*Task prompt*. As you reproduce every line below, keep it exactly as written and leave out the images.

*Collected material*.
========================
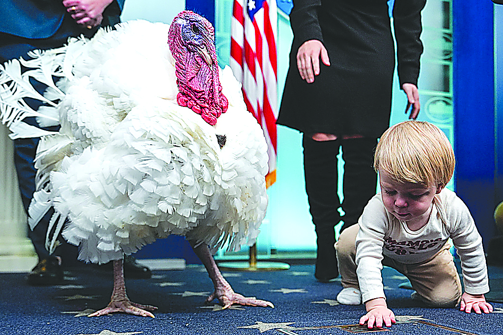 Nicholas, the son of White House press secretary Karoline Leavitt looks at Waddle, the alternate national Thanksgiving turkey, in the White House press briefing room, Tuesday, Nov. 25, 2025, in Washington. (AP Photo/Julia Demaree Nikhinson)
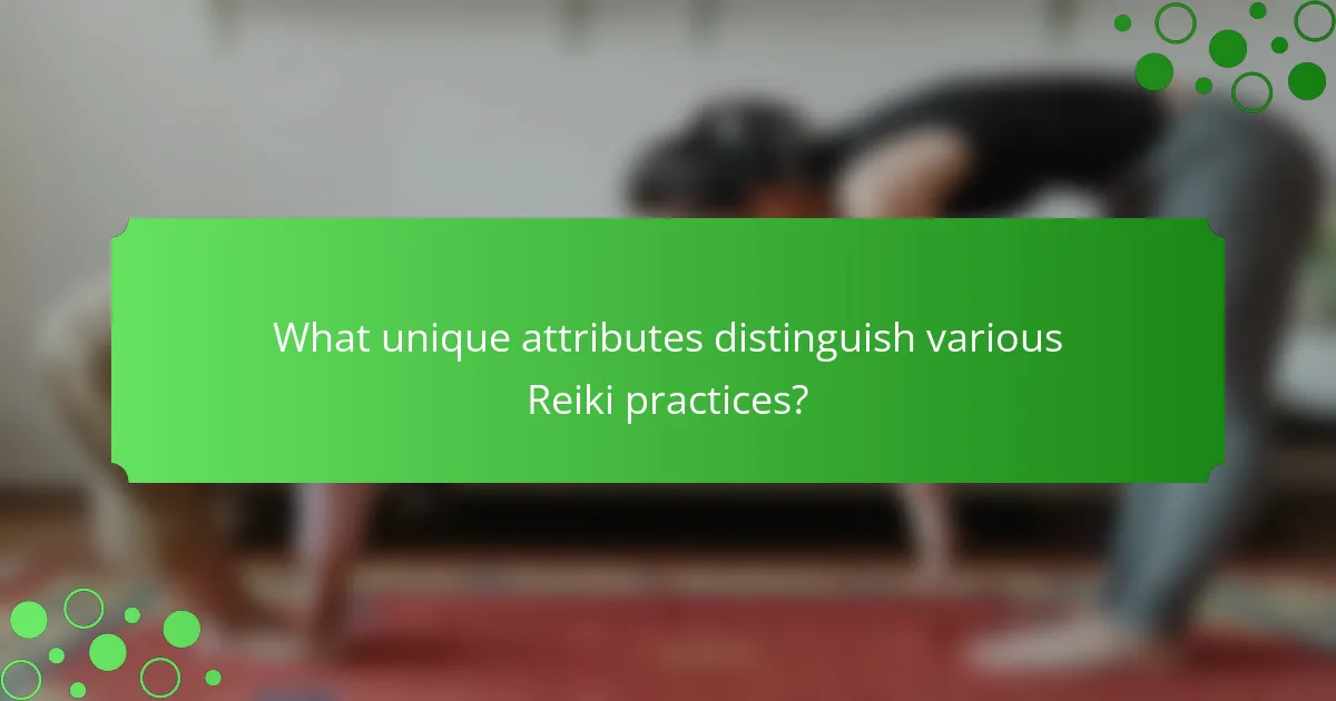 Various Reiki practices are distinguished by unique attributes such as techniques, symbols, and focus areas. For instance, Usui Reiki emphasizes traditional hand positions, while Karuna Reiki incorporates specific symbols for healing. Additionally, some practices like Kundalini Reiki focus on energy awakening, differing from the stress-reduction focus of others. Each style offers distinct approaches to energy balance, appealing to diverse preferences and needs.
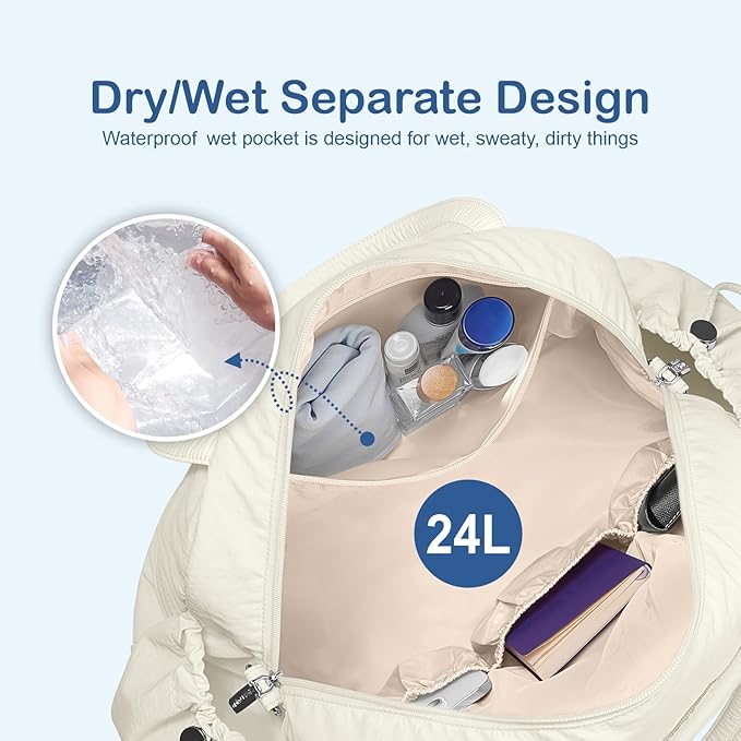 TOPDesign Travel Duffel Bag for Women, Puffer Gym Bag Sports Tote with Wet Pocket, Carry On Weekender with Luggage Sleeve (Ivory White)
========================
*Task answer*.
 Nicholas, the son of White House press secretary Karoline Leavitt looks at Waddle, the alternate national Thanksgiving turkey, in the White House press briefing room, Tuesday, Nov. 25, 2025, in Washington. (AP Photo/Julia Demaree Nikhinson)
 Various Reiki practices are distinguished by unique attributes such as techniques, symbols, and focus areas. For instance, Usui Reiki emphasizes traditional hand positions, while Karuna Reiki incorporates specific symbols for healing. Additionally, some practices like Kundalini Reiki focus on energy awakening, differing from the stress-reduction focus of others. Each style offers distinct approaches to energy balance, appealing to diverse preferences and needs.
 TOPDesign Travel Duffel Bag for Women, Puffer Gym Bag Sports Tote with Wet Pocket, Carry On Weekender with Luggage Sleeve (Ivory White)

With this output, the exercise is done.